Other SMGs (IGF1R, ATAD2, ABI3BP, MSR1, ADAMTS9, ADAM19, KIF13B, DAB2, EIF4G3, GPR161, USP34, KCNK5, ACSS1, TGFBRAP1, RAB22A, XAB2, PEG10, IMPA1) have all been associated with other cancers: mutations in all of them except in RAB22A are reported in cSCC in the Catalogue Of Somatic Mutations In Cancer database (https://cancer.sanger.ac.uk/cosmic [accessed 7 January 2020]) (Tate et al., 2019). The remaining 12 SMGs (HEATR5B, KIF24, ANKRD17, AACS, MYEF2, GXYLT1, CCDC71, EPB41L2, GPS1, SLC44A3, INSIG2, and RPUSD2) have no known role in other cancers but are found mutated in cSCC in the Catalogue Of Somatic Mutations In Cancer database. The frequency of mutations in SMGs was independent of the immune status, suggesting that AKs in both groups have common drivers (Supplementary Table S15). The majority of mutational signatures present in the 44 SMGs were signature 32 (40%) and signature 7 (38%) (Figure 3c), implicating azathioprine and UV exposure as key environmental carcinogens.
IS and IC subgroup analysis using our SMG pipeline identified 23 SMGs (detected by both OncodriveFM and MutsigCV, P < 0.05 cutoff was implemented because of smaller sample sizes) in the IS group and 10 SMGs in the IC group (Supplementary Tables S16 and S17). OncodriveCLUST was unsuccessful for this analysis. TP53, NOTCH1, and NOTCH2 were the only SMGs common to IS, IC, and the combined cohort.

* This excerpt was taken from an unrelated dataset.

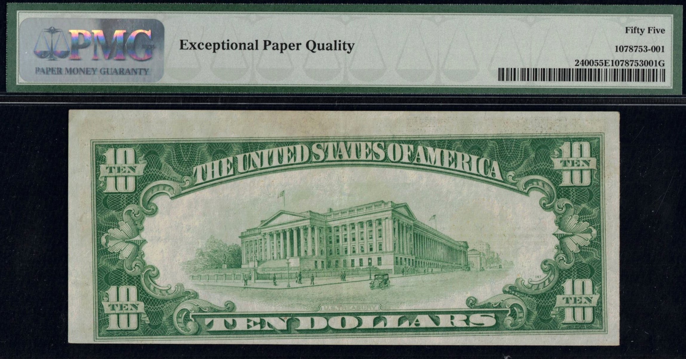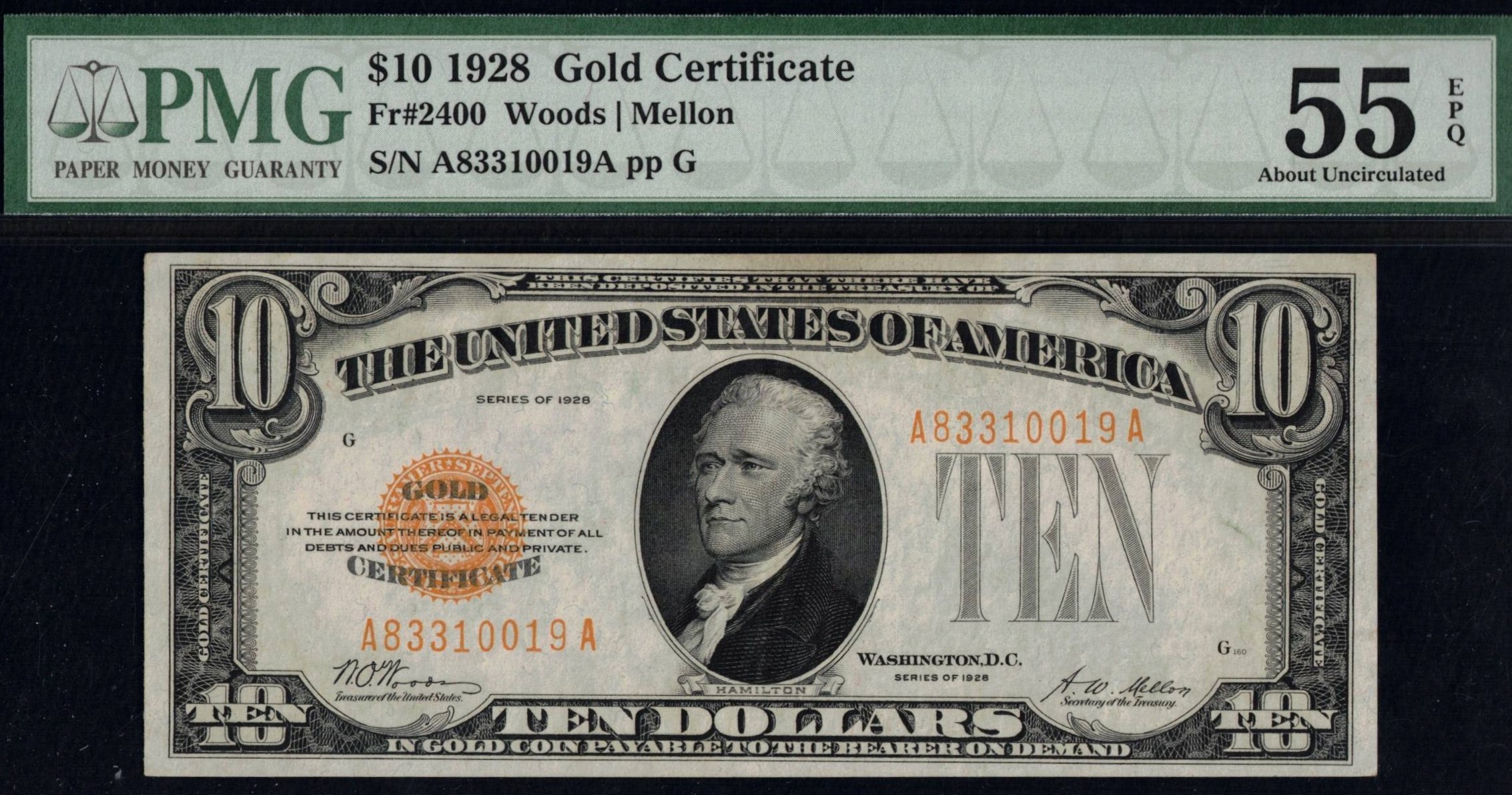 FR-2400 1928 Series Ten Dollar Gold Certificate, third-party graded P.M.G #55EPQ Choice About Uncirculated with exceptional paper quality. A bright-looking note, well-centered on the front but slightly off on the back. An original, high-quality note with great eye appeal and sharp overprint. Gem Uncirculated examples of these sought-after gold certificates are now selling for over $2,000.

Comparison between AK and cSCC SMGs
We integrated somatic mutations and CNAs to produce a mutation OncoPrint for the 44 AK SMGs (Figure 3b) and compared this with the OncoPrint for the 22 cSCC SMGs from our previous series. TP53, NOTCH1, and NOTCH2 were the only shared SMGs, and 6 of the total 63 SMGs showed differed frequencies between AK and cSCC (Supplementary Table S18). CCDC71L (chi-square test, P = 0.004) and STRN (P = 0.014) were altered at higher frequency in AK, whereas LCLAT1 (P = 0.032), HERC6 (P = 0.029), MAP3K9 (P = 0.043), and TMEM51 (P = 0.048) were altered at a higher frequency in cSCC. When adjusted for multiple comparisons, none of the 63 SMGs were altered significantly between AK and cSCC.
We also compared AK SMGs with well-differentiated and moderately and/or poorly differentiated group-specific SMGs (Inman et al., 2018). There were no significant differences between SMGs in AK and those in well-differentiated cSCC, but 10 moderately and/or poorly differentiated cSCC SMGs were significantly more altered in cSCC than in AK (PRB1, TMEM51, LRP1, POLH, ACVR2A, RPLP1, ZZEF1, VWF, ICAM1, and HECTD4) (Supplementary Table S18). The mutation distribution along the protein domains was similar for AK and cSCC SMGs (Supplementary Figure S2), with the exception of the PIK3CA hotspot in AK, as described earlier.
Genes previously implicated in cSCC, such as CDKN2A and HRAS, were found altered at similar rates between our AK and cSCC cohorts (54.1% and 45% altered for CDKN2A, respectively, and 16.2% and 22.5% altered for HRAS, respectively; Supplementary Table S18).
We next compared the cancer cell fractions of nonsynonymous mutations between AK and cSCC across the 63 SMGs to assess their clonality and to identify whether mutations in any genes are more clonally dominant in AK or cSCC using synonymous and untranslated region mutations as a negative control. Two genes (CACNA1C and KCNK5) showed significant evidence that nonsynonymous mutations in them were more clonally dominant in AK than in cSCC, suggesting that these genes may be under direct selection in the AK lineage (Supplementary Table S19 and Supplementary Figure S3).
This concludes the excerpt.